Ao todo, a pesquisa V-Dem analisou, além da democracia eleitoral, outros componentes o componente liberal da democracia, o componente deliberativo, o componente igualitário e o componente participativo. Será dado enfoque ao componente participativo, devido a sua conexão com a proposta central deste trabalho a de aumentar a participação e fortalecer a democracia por meio da aplicação do conceito de dados abertos pela Administração Pública.

Antes de proceder à análise do componente participativo, cabe mencionar que os diferentes componentes podem apresentar jornadas singulares quando comparados, senão vejamos na próxima figura (o componente da democracia eleitoral está excluído):

Figura 2: Evolução dos demais componentes da democracia

Conforme se observa, cada um dos componentes reage de forma diferente ao longo do tempo, apesar de apresentarem movimentos semelhantes de acordo com as mudanças entre governos autoritários e democráticos. É perceptível que, com exceção do componente participativo, todos os outros apresentaram níveis altíssimos nos últimos anos, demonstrando algum sucesso na experiência democrática mais recente brasileira. Além disso, os componentes liberal e deliberativo sofrem quedas muito mais acentuadas durante os períodos autoritários em comparação com os outros dois componentes.

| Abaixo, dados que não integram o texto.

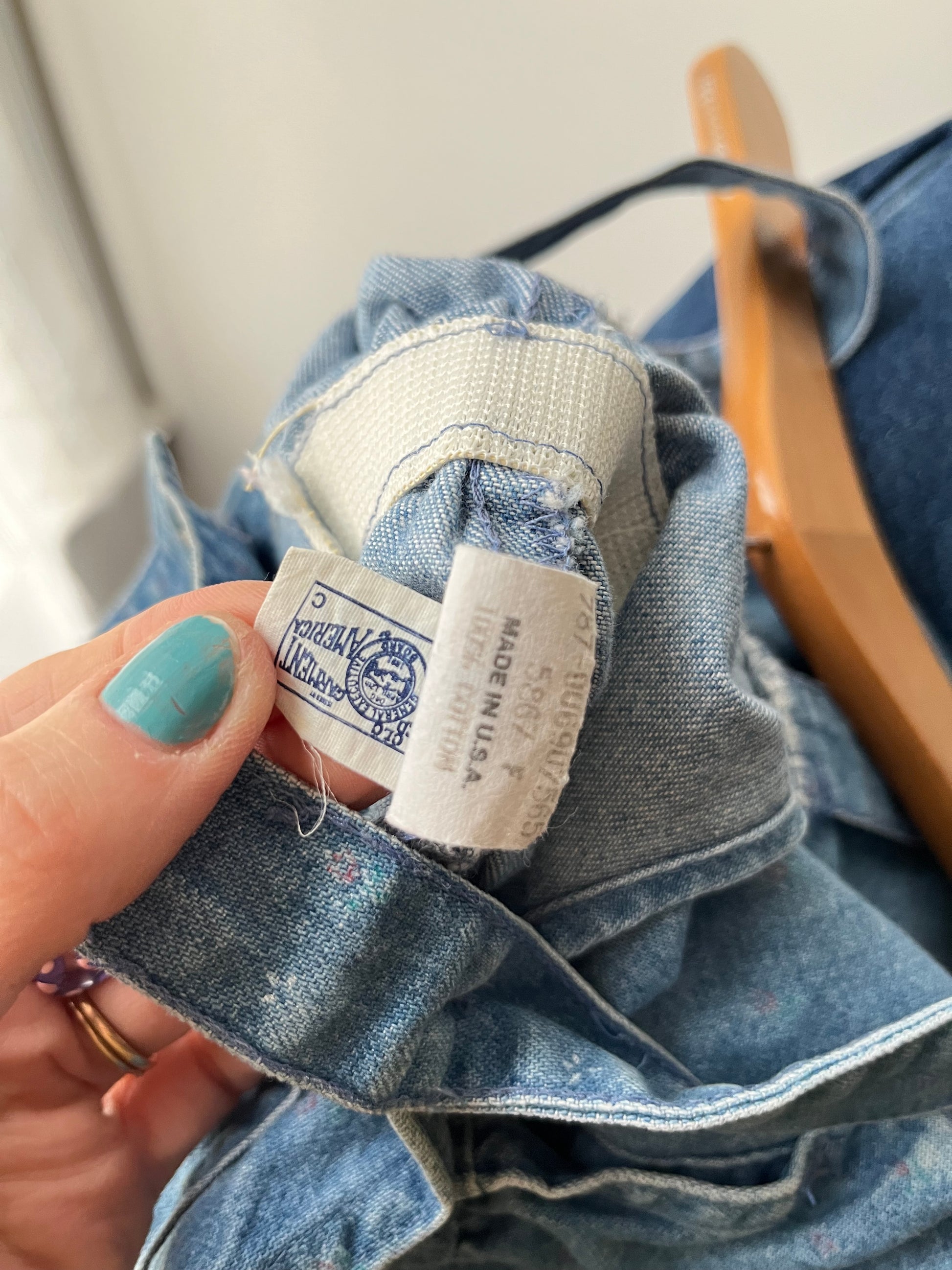 Faded floral print Oshkosh overalls. USA / Union made. 100% cotton. Fading around knees and bum, but structurally sound :)

Quanto ao componente deliberativo, de acordo com Bizzarro e Coppedge (2017), este teria sido formulado com base em textos clássicos da literatura de teoria política e dentro dele estaria a concepção de um processo que não somente agrega interesses dos cidadãos, mas que também permite uma experiência deliberativa antes das decisões e leva em consideração o bem comum da população. Aqui, bem comum é entendido como o contrário de interesses particularistas.

Quando se olha com mais detalhe para dois indicadores específicos presentes dentro do componente deliberativo, quais sejam o bem comum e políticas justificadas, sendo o primeiro uma medida do quanto as elites políticas justificam suas ações baseadas no bem comum e a segunda, a medida em que as importantes decisões políticas são justificadas para o público tem-se que, mesmo em períodos ditatoriais, a noção de bem comum prevaleceu (Figura 3). Deste ponto se infere que os governos autoritários no Brasil se associaram fortemente à uma noção de facilitação do desenvolvimento nacional e aproximação do bem comum. Por outro lado, o índice de políticas justificadas sofreu maior queda em períodos autoritários, demonstrando a pouca ou insuficiente justificativa das políticas públicas adotadas, principalmente entre as décadas de 1960 e 1970.

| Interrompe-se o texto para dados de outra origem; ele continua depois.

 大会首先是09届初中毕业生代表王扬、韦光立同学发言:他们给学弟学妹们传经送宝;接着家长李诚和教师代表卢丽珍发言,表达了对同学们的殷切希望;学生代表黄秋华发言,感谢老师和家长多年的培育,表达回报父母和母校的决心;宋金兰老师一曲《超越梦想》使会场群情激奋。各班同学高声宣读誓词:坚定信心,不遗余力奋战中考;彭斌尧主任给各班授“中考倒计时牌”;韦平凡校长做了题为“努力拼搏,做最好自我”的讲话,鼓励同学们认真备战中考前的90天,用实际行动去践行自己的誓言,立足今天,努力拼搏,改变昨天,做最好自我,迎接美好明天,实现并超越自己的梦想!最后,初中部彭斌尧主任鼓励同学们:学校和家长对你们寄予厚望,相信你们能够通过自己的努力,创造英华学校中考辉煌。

Fonte: Variedades da Democracia no Brasil (2017).

De todos os indicadores presentes dentro do componente deliberativo, são os da participação e do respeito ao contraditório que demonstraram maiores alterações nas passagens de governos democráticos e autoritários. Sobre este comportamento, os autores do estudo apontam:

Novamente, não é surpresa que em um país que tenha experimentado regimes autoritários tais indicadores apresentem consistentemente resultados ruins, dado que esses indicadores tendem a sofrer mais quando da restrição das liberdades individuais e do insulamento dos formuladores da política pública das pressões populares, geralmente canalizadas por lideranças políticas eleitas. No período atual, contudo, esse indicador obtém valores dentro da categoria máxima. (BIZZARRO, COPPEDGE, 2017, p. 22).

De forma geral, depreende-se do estudo que o país conseguiu aumentar os índices ligados a democracia após cada experiência autoritária. Os índices mostraram especial elevação com a Constituição de 1988.